* _Work task_: Skip the pictures and write out, word for word, the lines below from the one with "(2)1999年成立的四家金" through the one with "Les maîtres des", inclusive.

* _Data records_:

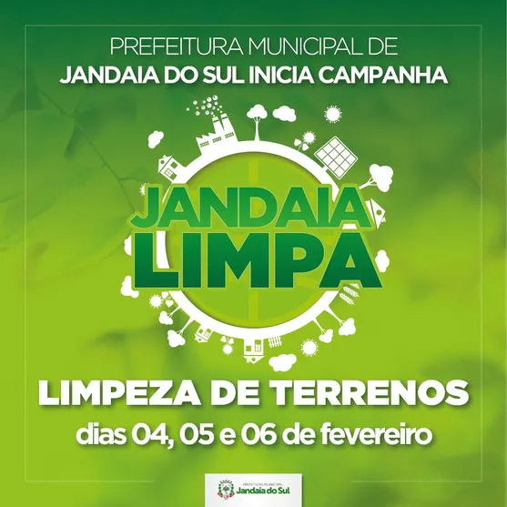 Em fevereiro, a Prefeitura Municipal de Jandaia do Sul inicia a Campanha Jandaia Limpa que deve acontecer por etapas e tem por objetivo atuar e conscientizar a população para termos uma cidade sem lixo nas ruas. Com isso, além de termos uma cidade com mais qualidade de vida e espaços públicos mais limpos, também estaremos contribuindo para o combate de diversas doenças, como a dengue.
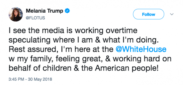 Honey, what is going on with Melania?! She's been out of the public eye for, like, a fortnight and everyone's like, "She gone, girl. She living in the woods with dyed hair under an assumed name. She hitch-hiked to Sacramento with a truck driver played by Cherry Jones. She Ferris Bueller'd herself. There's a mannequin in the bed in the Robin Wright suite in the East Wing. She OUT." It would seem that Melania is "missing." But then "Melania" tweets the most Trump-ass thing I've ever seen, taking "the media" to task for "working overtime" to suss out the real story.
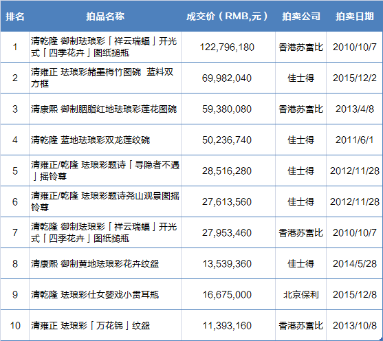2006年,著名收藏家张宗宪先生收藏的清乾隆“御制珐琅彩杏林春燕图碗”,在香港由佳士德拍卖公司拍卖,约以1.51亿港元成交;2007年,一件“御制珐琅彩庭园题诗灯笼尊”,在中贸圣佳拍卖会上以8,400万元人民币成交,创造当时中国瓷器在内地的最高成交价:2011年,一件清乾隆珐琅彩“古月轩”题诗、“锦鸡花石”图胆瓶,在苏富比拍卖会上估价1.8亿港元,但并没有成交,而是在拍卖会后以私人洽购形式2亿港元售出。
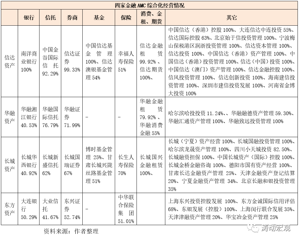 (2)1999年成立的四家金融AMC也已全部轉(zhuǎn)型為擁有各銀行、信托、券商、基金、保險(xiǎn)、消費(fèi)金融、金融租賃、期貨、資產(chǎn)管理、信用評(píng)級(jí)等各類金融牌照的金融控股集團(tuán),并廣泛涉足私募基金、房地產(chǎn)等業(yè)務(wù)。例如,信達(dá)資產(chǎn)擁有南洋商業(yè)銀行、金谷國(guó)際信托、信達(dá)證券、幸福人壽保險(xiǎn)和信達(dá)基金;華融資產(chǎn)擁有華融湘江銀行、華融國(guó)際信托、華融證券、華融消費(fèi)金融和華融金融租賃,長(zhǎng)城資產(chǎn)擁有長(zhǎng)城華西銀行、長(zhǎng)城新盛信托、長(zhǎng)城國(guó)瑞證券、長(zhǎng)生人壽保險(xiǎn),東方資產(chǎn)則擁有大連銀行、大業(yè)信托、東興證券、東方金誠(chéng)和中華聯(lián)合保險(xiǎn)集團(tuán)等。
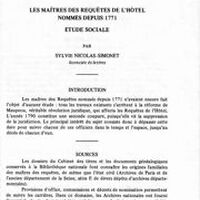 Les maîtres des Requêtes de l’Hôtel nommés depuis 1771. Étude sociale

==

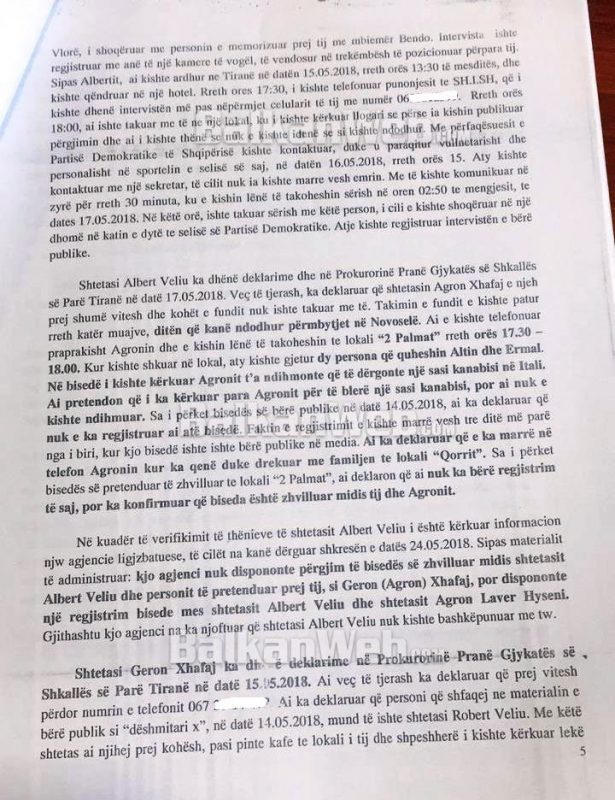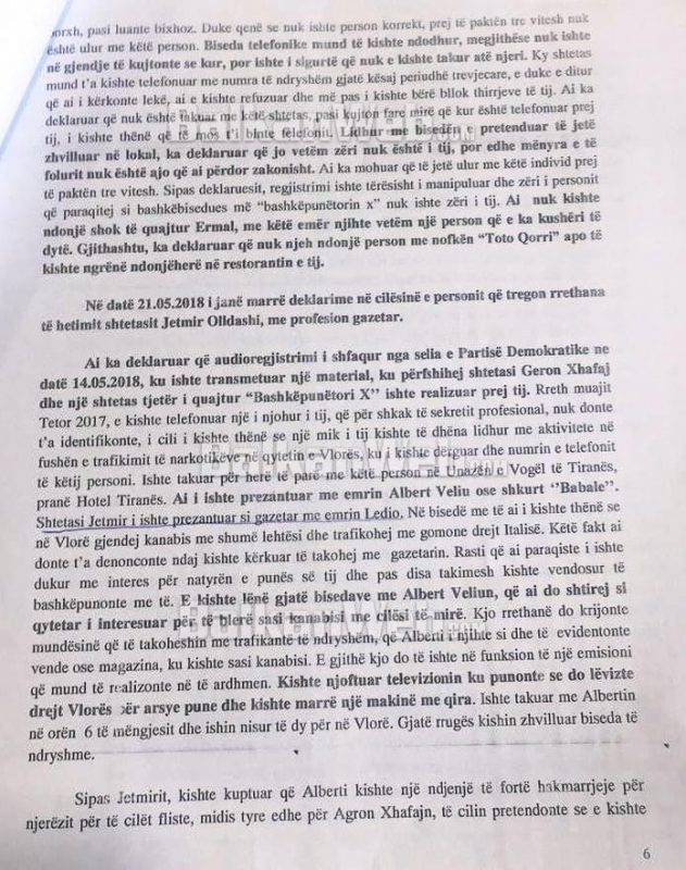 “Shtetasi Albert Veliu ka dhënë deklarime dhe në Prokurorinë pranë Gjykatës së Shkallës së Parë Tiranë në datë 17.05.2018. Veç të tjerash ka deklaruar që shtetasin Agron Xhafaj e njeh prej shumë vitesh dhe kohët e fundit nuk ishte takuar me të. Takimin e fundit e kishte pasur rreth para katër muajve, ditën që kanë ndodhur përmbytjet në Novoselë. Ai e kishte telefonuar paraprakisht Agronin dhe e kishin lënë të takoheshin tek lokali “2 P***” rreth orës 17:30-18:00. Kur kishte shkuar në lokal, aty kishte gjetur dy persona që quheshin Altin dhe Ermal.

* _Answer to the exercise_:
 (2)1999年成立的四家金融AMC也已全部轉(zhuǎn)型為擁有各銀行、信托、券商、基金、保險(xiǎn)、消費(fèi)金融、金融租賃、期貨、資產(chǎn)管理、信用評(píng)級(jí)等各類金融牌照的金融控股集團(tuán),并廣泛涉足私募基金、房地產(chǎn)等業(yè)務(wù)。例如,信達(dá)資產(chǎn)擁有南洋商業(yè)銀行、金谷國(guó)際信托、信達(dá)證券、幸福人壽保險(xiǎn)和信達(dá)基金;華融資產(chǎn)擁有華融湘江銀行、華融國(guó)際信托、華融證券、華融消費(fèi)金融和華融金融租賃,長(zhǎng)城資產(chǎn)擁有長(zhǎng)城華西銀行、長(zhǎng)城新盛信托、長(zhǎng)城國(guó)瑞證券、長(zhǎng)生人壽保險(xiǎn),東方資產(chǎn)則擁有大連銀行、大業(yè)信托、東興證券、東方金誠(chéng)和中華聯(lián)合保險(xiǎn)集團(tuán)等。
 Les maîtres des Requêtes de l’Hôtel nommés depuis 1771. Étude sociale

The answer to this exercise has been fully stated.